Record set Block Start
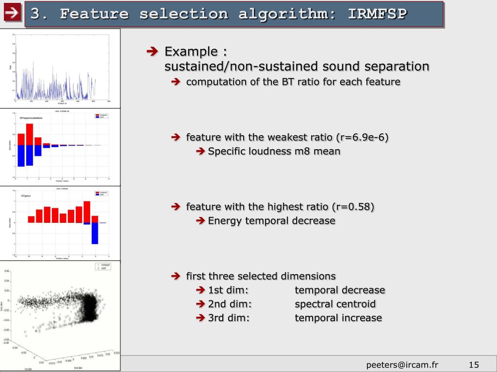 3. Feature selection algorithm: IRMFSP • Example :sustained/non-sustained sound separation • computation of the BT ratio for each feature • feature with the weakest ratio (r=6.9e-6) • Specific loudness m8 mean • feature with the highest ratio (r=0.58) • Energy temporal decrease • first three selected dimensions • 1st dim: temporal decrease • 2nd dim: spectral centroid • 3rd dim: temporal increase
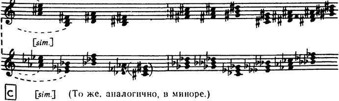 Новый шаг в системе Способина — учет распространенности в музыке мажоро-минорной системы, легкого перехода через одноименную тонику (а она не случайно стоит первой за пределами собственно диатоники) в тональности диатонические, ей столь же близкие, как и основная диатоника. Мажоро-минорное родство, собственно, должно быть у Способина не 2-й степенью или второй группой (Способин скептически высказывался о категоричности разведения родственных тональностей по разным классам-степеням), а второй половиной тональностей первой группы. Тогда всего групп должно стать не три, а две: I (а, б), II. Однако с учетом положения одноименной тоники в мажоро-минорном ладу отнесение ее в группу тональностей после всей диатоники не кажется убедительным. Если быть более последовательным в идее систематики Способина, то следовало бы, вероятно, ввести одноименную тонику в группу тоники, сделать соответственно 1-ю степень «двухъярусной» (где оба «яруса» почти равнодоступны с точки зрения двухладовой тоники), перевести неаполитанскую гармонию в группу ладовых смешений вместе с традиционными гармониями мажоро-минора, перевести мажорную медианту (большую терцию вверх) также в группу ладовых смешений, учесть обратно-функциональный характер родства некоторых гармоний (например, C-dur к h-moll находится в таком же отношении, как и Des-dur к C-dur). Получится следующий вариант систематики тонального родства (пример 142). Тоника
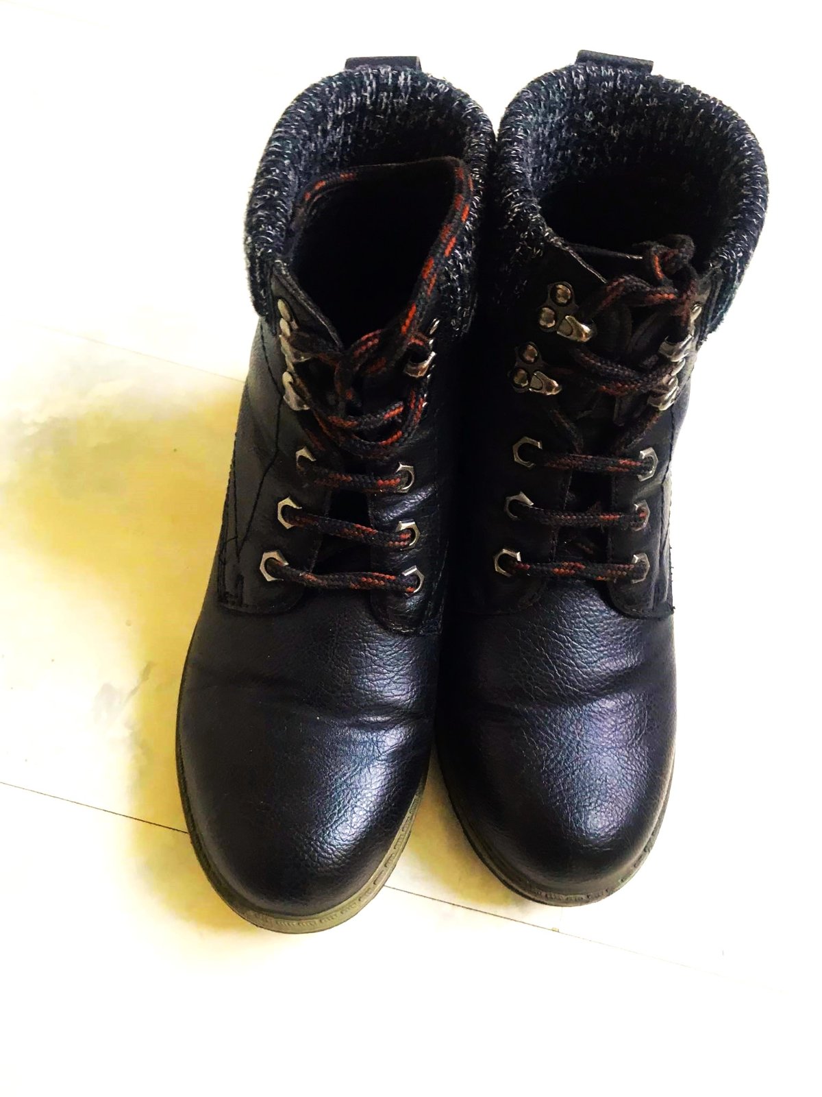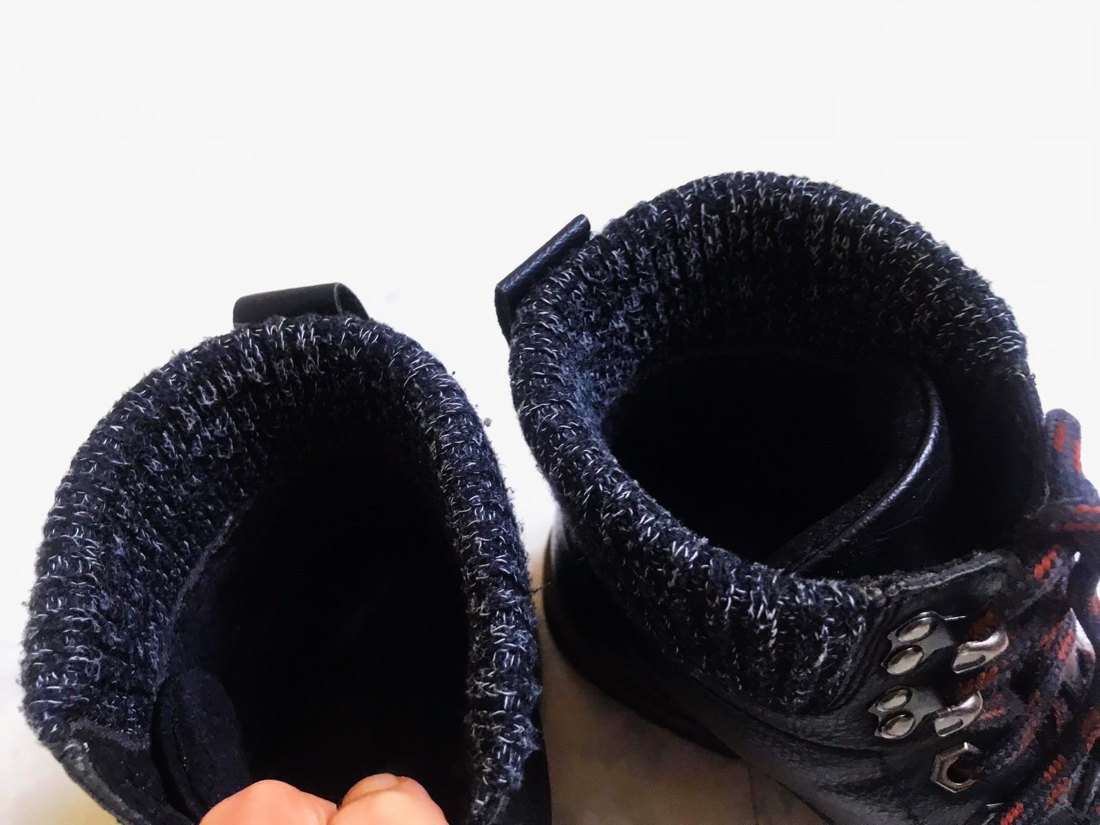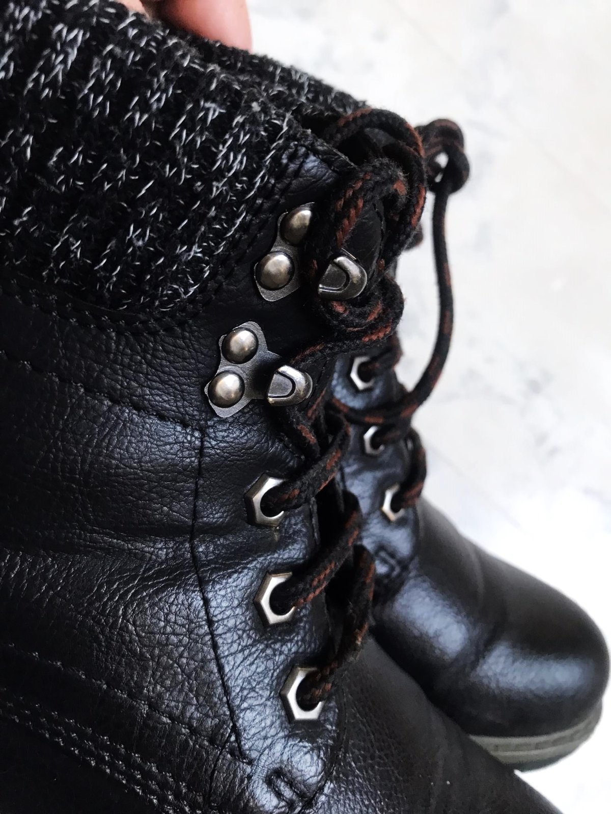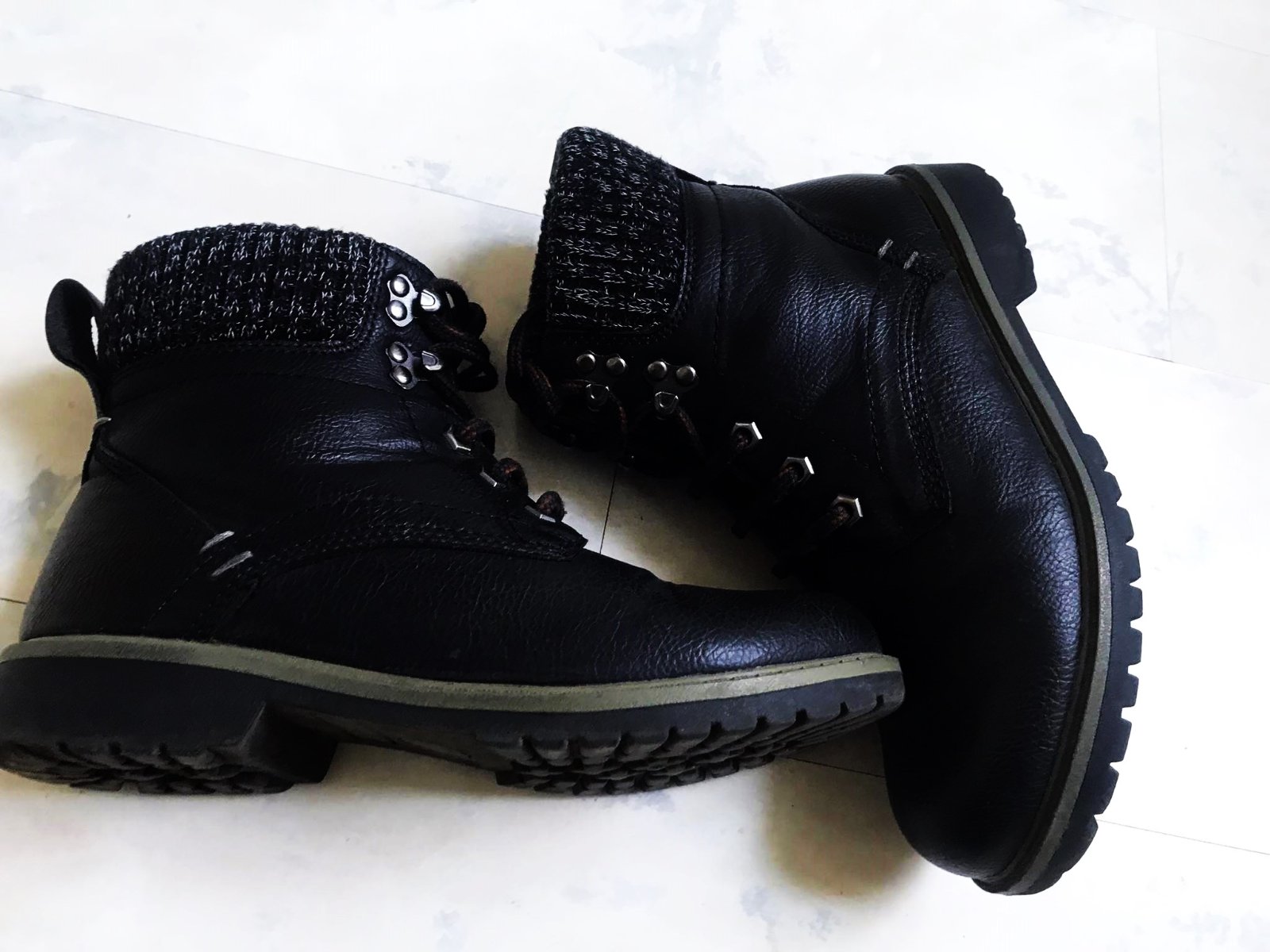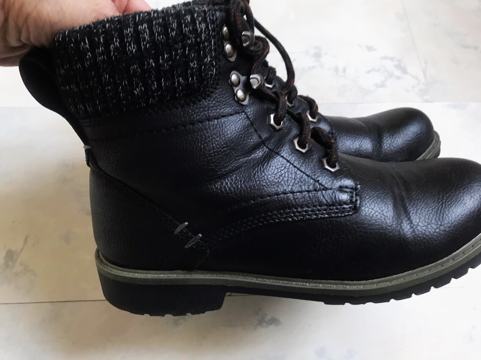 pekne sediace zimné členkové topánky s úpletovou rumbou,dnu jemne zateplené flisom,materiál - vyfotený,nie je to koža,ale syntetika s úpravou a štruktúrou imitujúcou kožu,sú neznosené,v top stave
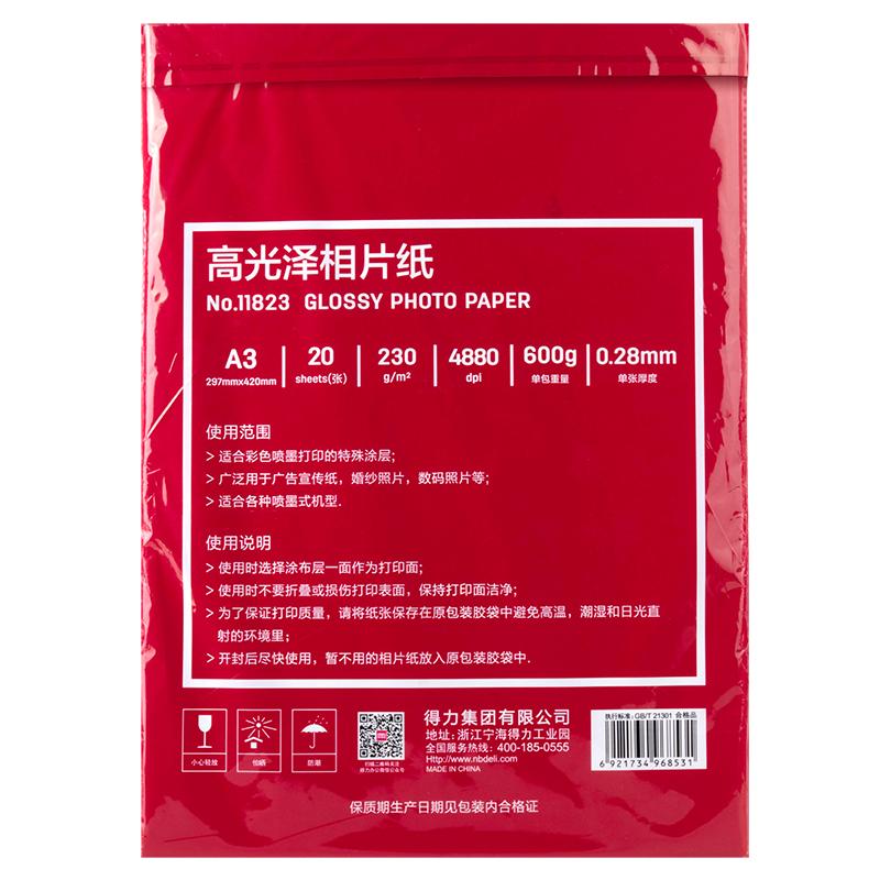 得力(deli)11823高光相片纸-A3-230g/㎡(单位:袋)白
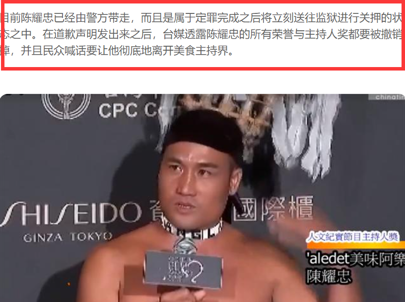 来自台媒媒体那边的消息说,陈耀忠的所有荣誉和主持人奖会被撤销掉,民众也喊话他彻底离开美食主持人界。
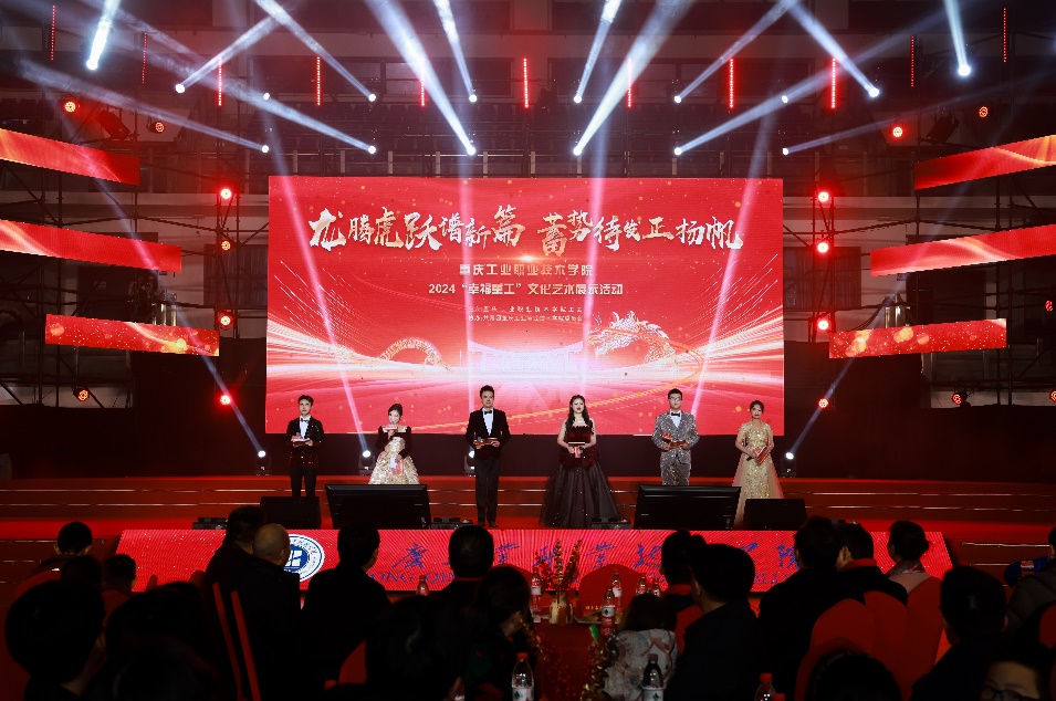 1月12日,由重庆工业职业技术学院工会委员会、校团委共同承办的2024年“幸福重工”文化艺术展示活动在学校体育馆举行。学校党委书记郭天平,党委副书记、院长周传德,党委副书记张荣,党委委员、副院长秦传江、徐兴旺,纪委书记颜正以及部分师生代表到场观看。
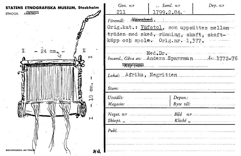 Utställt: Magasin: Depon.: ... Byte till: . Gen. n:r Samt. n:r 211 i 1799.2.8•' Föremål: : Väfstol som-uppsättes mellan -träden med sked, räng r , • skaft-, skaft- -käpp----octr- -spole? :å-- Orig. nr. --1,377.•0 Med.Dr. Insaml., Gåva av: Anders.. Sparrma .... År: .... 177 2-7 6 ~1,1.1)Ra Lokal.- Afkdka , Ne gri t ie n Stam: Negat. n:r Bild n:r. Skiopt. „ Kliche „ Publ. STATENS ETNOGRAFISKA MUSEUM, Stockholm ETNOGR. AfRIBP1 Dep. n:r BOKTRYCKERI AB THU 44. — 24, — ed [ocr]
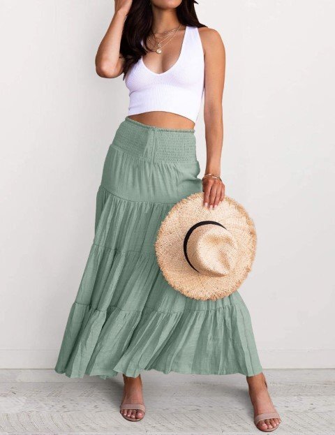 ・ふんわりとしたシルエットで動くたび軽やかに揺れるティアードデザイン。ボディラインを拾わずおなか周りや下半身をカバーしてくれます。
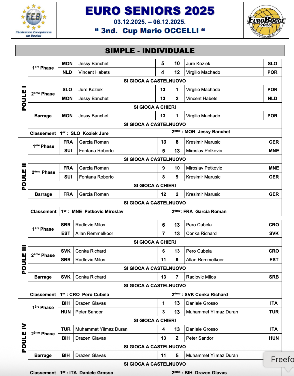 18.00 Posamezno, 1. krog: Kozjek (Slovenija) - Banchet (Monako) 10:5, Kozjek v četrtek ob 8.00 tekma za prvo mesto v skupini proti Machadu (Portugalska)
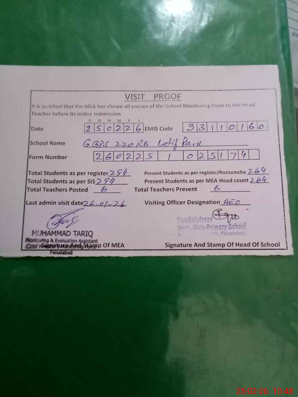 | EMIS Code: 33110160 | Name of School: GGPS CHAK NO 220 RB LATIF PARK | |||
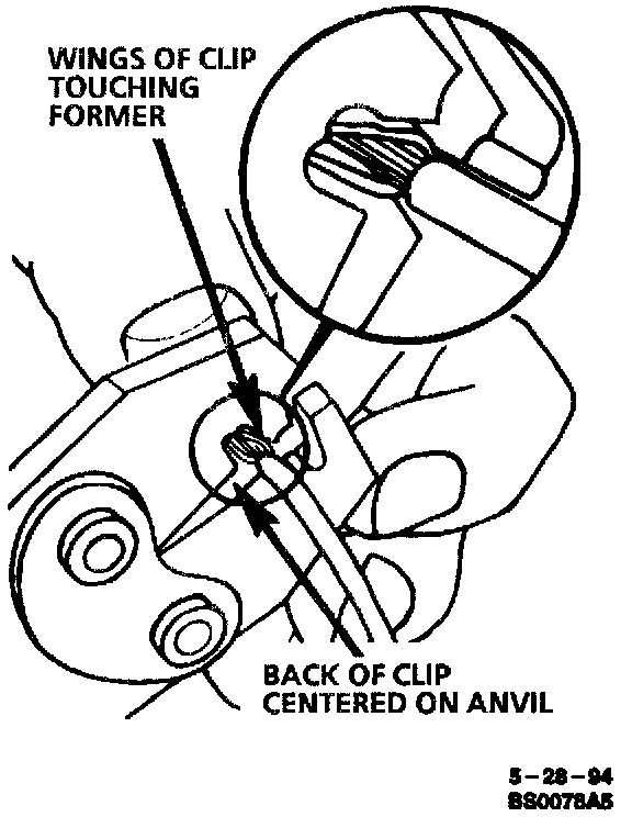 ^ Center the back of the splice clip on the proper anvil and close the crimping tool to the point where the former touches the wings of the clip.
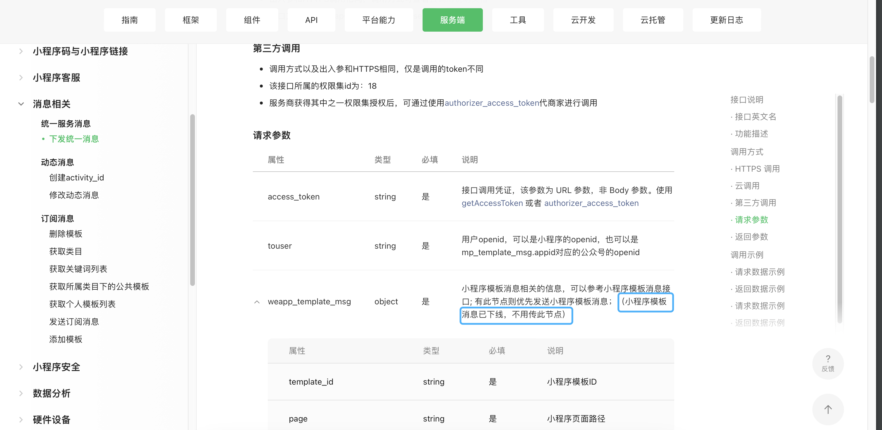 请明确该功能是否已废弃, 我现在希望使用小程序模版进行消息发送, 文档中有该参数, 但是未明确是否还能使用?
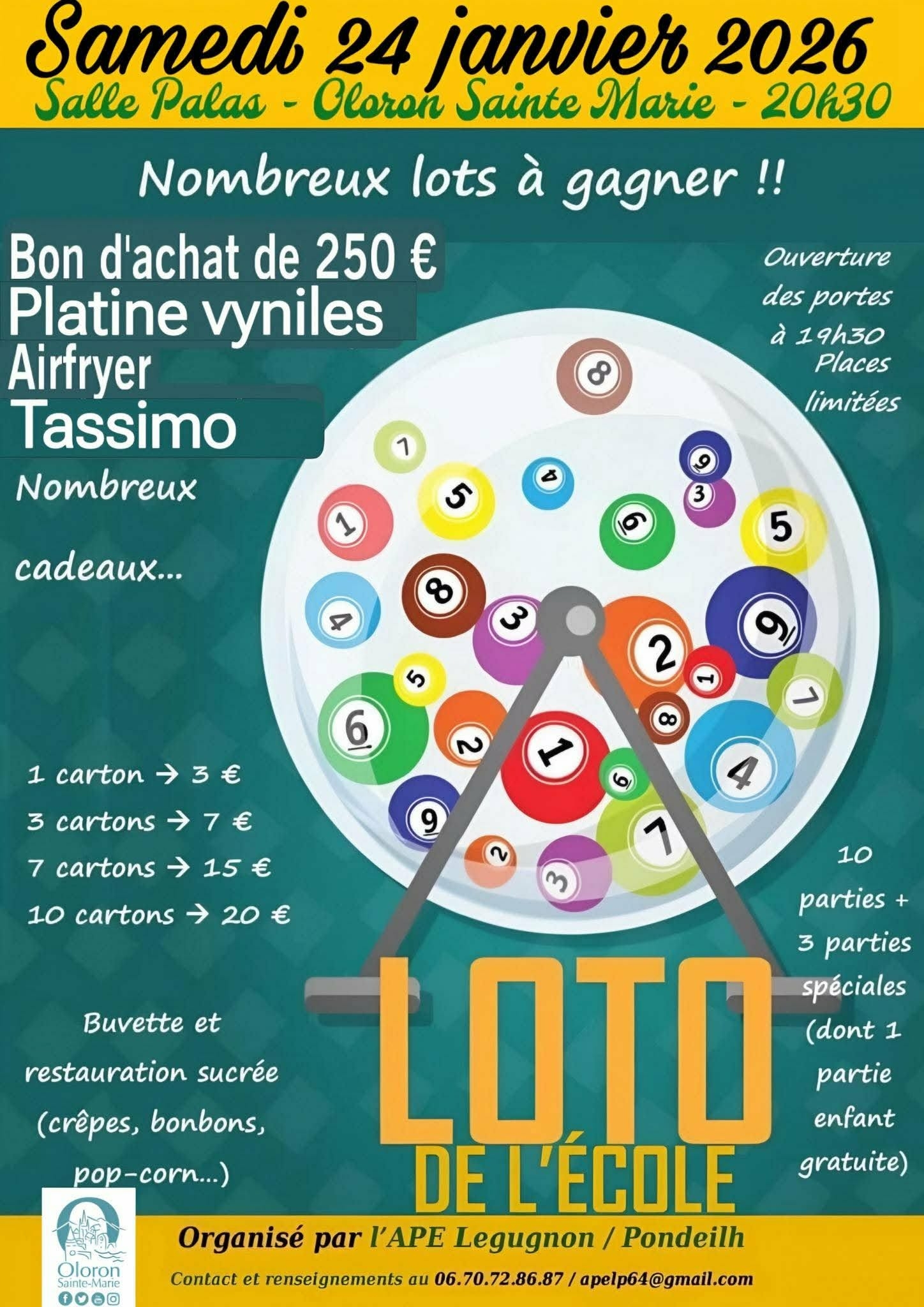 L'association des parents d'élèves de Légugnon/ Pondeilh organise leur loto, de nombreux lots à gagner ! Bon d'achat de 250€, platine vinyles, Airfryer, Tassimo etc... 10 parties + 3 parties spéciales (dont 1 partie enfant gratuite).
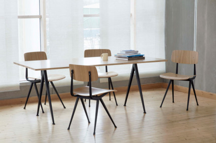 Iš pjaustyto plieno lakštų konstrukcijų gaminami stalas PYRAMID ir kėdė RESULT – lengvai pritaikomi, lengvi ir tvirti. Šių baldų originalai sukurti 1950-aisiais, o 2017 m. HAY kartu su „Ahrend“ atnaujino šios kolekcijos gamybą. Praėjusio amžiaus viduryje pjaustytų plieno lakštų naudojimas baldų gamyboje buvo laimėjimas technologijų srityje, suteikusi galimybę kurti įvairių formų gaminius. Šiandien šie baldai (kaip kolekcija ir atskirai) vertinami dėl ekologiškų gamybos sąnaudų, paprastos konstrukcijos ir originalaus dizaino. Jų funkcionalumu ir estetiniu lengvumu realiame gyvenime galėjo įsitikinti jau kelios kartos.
Record set Block End
Task directions | Write out, word for word, the stretch of entries that begins at the line with "LATIF PARK | |||" and ends at the line with "of the clip.". Pictures do not belong in it.

Exercise answer |
 | EMIS Code: 33110160 | Name of School: GGPS CHAK NO 220 RB LATIF PARK | |||
 ^ Center the back of the splice clip on the proper anvil and close the crimping tool to the point where the former touches the wings of the clip.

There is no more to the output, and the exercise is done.